In 1994, Doocy got his first morning show job, as the co-host of Wake Up America on NBC's America's Talking channel. He then anchored the morning newscast on CBS-TV's flagship station, WCBS-TV, in 1996 in New York City. He was the live Times Square reporter on Dick Clark's New Year's Rockin' Eve on ABC-TV for four ball drops.

Doocy joined the Fox News Channel in 1996 and began co-hosting the network's morning show Fox & Friends in 1998. In 2004, he helped launch Fox News Channel's New Year's Eve special, All American New Year, whose hosts have included Bill Hemmer and Megyn Kelly.

Fox & Friends regularly interviewed Donald Trump, before and after his election as president. After the election, Trump called it "the most honest morning show." During his first year as president, Trump continued to watch and often quoted the program on Twitter. This prompted The New York Times to call Fox & Friends "the most powerful TV show in America."

In 2019, it was reported that Trump ranked many reporters' loyalty on a scale of 1 to 10. Doocy received a "12 out of 10."

On September 15, 2020, Doocy made news when he challenged President Trump's announcement of a series of weekly appearances on Fox and Friends. Doocy responded: "You may want to do it every week, but Fox is not committed to that. We're going to take it on a case-by-case basis." Doocy extended an invitation for Joe Biden, at the time the Democratic nominee for president, to appear on the program, offering him equal airtime to Trump.

Doocy earned attention in 2022 and 2023 for questioning the Joe Biden-Ukraine Investigation, arguing that there was no evidence to support an impeachment. Because of this Rep. James Comer, Chair of the House Oversight Committee, stopped appearing on the show.

On May 1, 2025, Fox News announced that after serving as a New York City based co-host of Fox & Friends for 27 years, Doocy would start traveling extensively for the morning show.
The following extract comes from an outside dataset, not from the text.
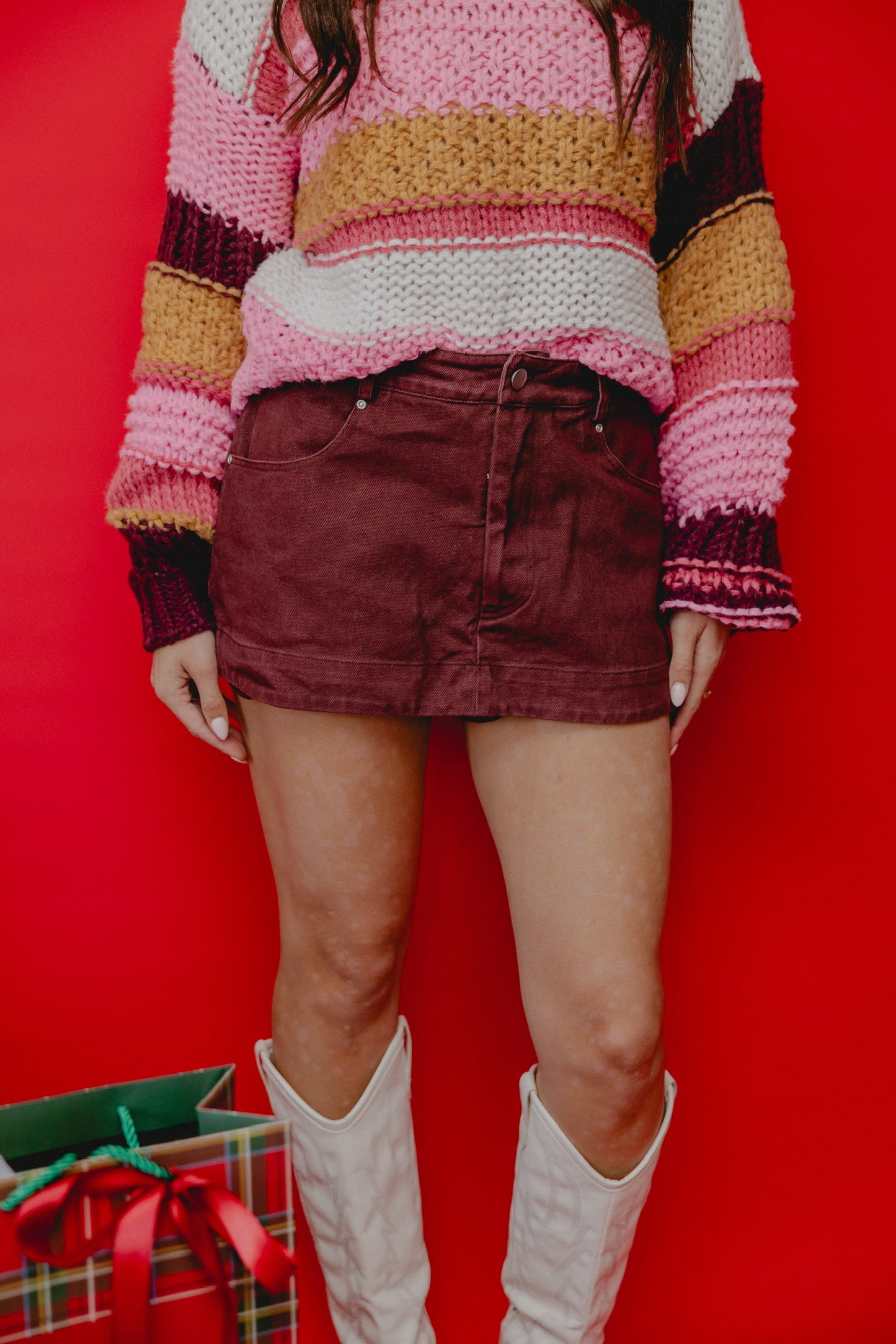It's A Mystery Polka Dot Skirt Burgundy
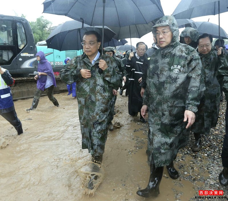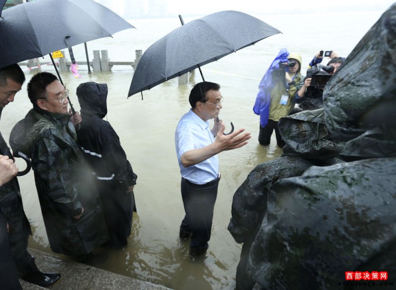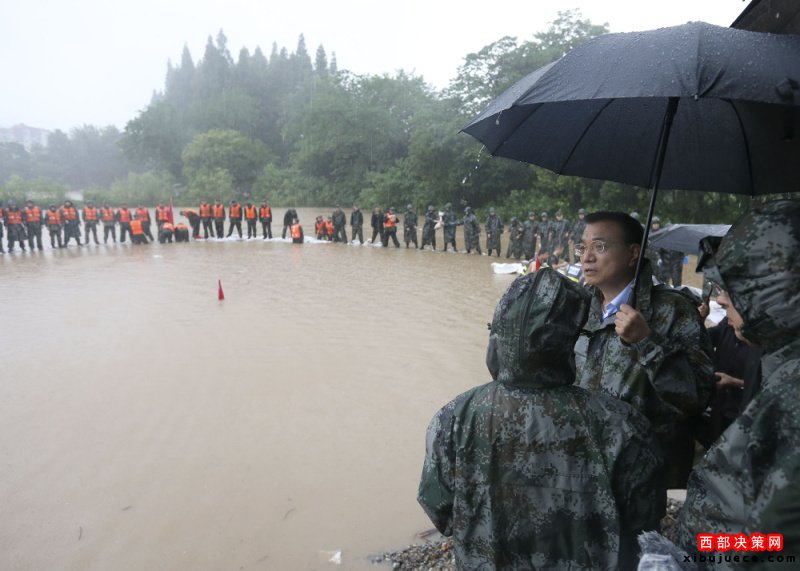 李克強(qiáng)冒大雨在武漢長(zhǎng)江干堤現(xiàn)場(chǎng)指揮搶險(xiǎn)救災(zāi)

Doocy has earned TV reporting and writing awards from the Associated Press, the Society of Professional Journalists (formerly known as Sigma Delta Chi), and 11 Emmy Awards from the National Academy of Television Arts and Sciences.

==Published works==
In 2020, Doocy and his wife Kathy published the Happy in a Hurry Cookbook, which debuted at number one on the New York Times Best Seller list and became one of America's top cookbooks of that pandemic year. It was a sequel to their successful 2018 Happy Cookbook: A Celebration of the Food That Makes America Smile.

The Doocys also authored The Mr. and Mrs. Happy Handbook and Tales from the Dad Side. All four books were published by William Morrow and Company, a division of HarperCollins, and all were New York Times bestsellers.

==Personal life==
Doocy married Kathy Gerrity, a former model and TV sports reporter who starred in a TV commercial for the Chatty Cathy doll. The couple have three adult children: Mary, Sally and Peter Doocy. Peter serves as a Fox News Senior White House Correspondent, a role he shares with Jacqui Heinrich.

Doocy lives in Florida. Kathy Doocy is a cancer survivor. They have two grandchildren, a granddaughter named Bridget Blake Doocy born on February 1, 2023, and a grandson named George Jack Doocy born on April 16, 2025, the children of Peter Doocy and Hillary Vaughn.

Doocy is Roman Catholic and serves as a lector in his church.

Doocy was named Distinguished Kansan of the Year by the Native Sons and Daughters of Kansas in 2014.